They instead only get a peak of it every now and again. Wakefield announces, “This poem is not about woods. It is about a man’s separation from them… ” (362). As an example of what Wakefield means Frost writes, “The woods are lovely, dark, and deep. / But I have promises to keep. ” Frost describes the woods with imagery and then suddenly returns back to his responsibilities at the village. The second a man gets away, he reminds himself of his duties and does not get a chance to breathe. A man is “separated” from nature because he can never rid his mind of life obligations.

Frost also rhymes in “Stopping by Woods on a Snowy Evening. ” The rhyming allows the poem to flow nicely and keep it organized. According to Wakefield in “To Be A Natural Man In A Man-Made World” the rhymings purpose is to keep the flow of “”promises” (363). Rhyme allows the reader to pause in the appropriate spaces. It also gives the reader a sense of “urgency” (363). Frost rhymes know, though, snow and here, queer, near, year. Wakefield states that these rhymes are “Like today’s worker after a frantic day and a tense drive home, he can’t free his mind of the hectic pace of his life” (863).

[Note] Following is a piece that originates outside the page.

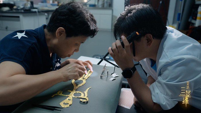 此外,《重返三星堆》不仅记录下了研究人员从蛛丝马迹中将散落各处的文物残件拼对成功的惊喜,还在青年手工制作人的文物复原中,展现上古工匠令人惊叹却又迷惑不解的工艺。片中,四川大学考古文博学院教授黎海超和团队使用最先进的科学装置来追溯三星堆黄金、朱砂、绿松石的来源,试图描述出三星堆人资源交换的网络,并且也想从这个网络的变化中找到三星堆“消逝”的原因。为此,他们先后进行了三轮木箱焚烧实验,不断求证、推翻、再求证。在这样质朴又充满孤勇的考古故事里,观众再一次重新认识了三星堆人惊人的创造力。
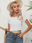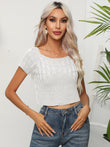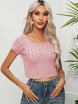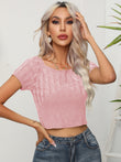Cable-Knit Round Neck Short Sleeve Knit Top

The promises in this poem are the duties a man leaves behind when he tries to get away. In a long drive home from work, a worker may try to relax and unwind. The obligations, or “promises,” he has keep rushing back to his memory forcing him to be stressed. There are a few things holding the poet back from nature in this poem. Wakefield describes it as the panic of someone noticing the poet stopping there and looking at the woods (363). Frost did not want anyone to see him watch the woods fill up with snow. He was self-conscious and the horse is what plays his conscious in the poem.

He was afraid that the property owner would notice him and he would get in trouble. It is the fear that holds man back from having an “intimacy(363)” with nature. Frost is an extraordinary writer. His poems release thoughts one may not think of otherwise. In “Stopping By Woods on a Snowy Evening” Frost reveals the thought that men no longer have a bond with nature. He states that it is the promises of a man that keep him away from nature and scare him off. If men could learn to just let their mind rest, the nature aspect would come running back.